A historic tree at the White House is scheduled to be cut down and removed.
The "Jackson" magnolia has been in place since 1828, when it was planted by then-President Andrew Jackson as a tribute to his recently deceased wife.
According to a White House spokesperson, experts say the tree is beyond repair and poses a safety hazard.
Between 1928 and 1988, the iconic tree featured on the $20 note.
A spokeswoman said that First Lady Melania Trump has requested that its seedlings be maintained so that a new tree can be planted in the same area.
She said Mrs Trump had taken the decision to remove the current tree as it posed a threat to "the safety of visitors and members of the press who are often standing right in front" of it when the presidential helicopter takes off.
The so-called Jackson magnolia originally came from a cutting from Mrs Rachel Jackson's favourite magnolia tree on the couple's Tennessee farm.
Its first problems began in the early 1970s when a section of its base was displaced and its exposed cavity was cemented.
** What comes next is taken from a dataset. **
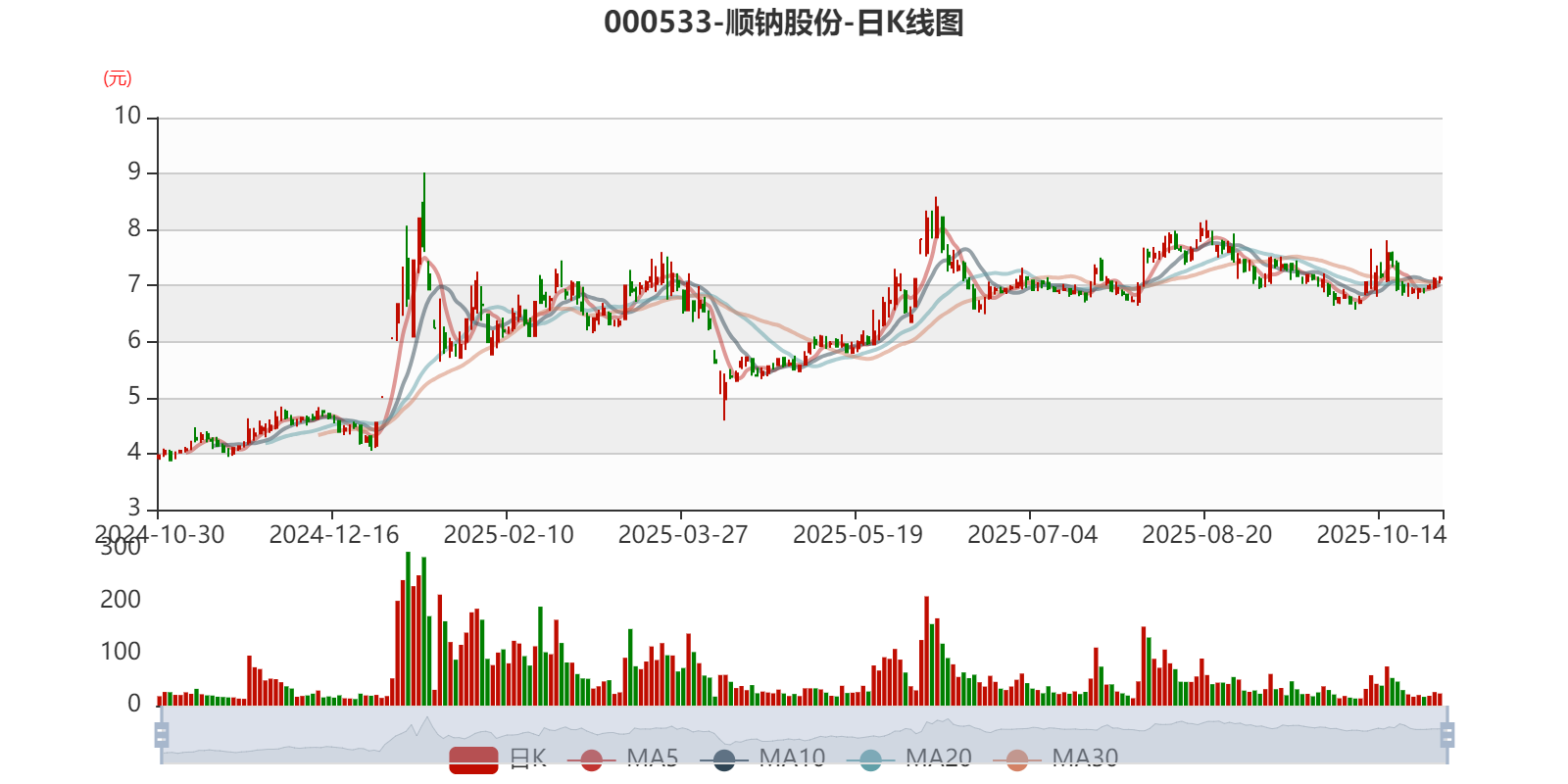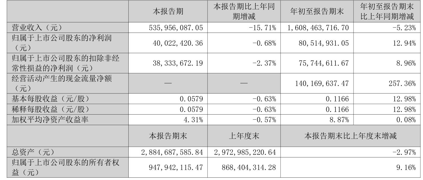 中证智能财讯顺钠股份(000533)10月30日披露2025年第三季度报告。前三季度公司实现营业总收入16.08亿元,同比下降5.23%;归母净利润8051.49万元,同比增长12.94%;扣非净利润7574.46万元,同比增长8.96%;经营活动产生的现金流量净额为1.4亿元,同比增长257.36%;报告期内,顺钠股份基本每股收益为0.1166元,加权平均净资产收益率为8.87%。

This was standard practice for the era, but some said it damaged the tree irrevocably.
In 1981, the cement was removed and replaced with a large pole and cable system to hold it up.
Although at first sight the tree appears normal, a report from the United States National Arboretum, quoted by CNN, said "the tree is greatly compromised" and "completely dependent on the artificial support".
The magnolia tree's life has spanned 39 presidencies, as well as the American Civil War and two World Wars.
It became a backdrop for many presidential addresses and gatherings.
Chelsea Clinton, the daughter of ex-President Bill Clinton, tweeted her thanks to those who have looked after it over the years and to Mrs Trump for the re-planting plan.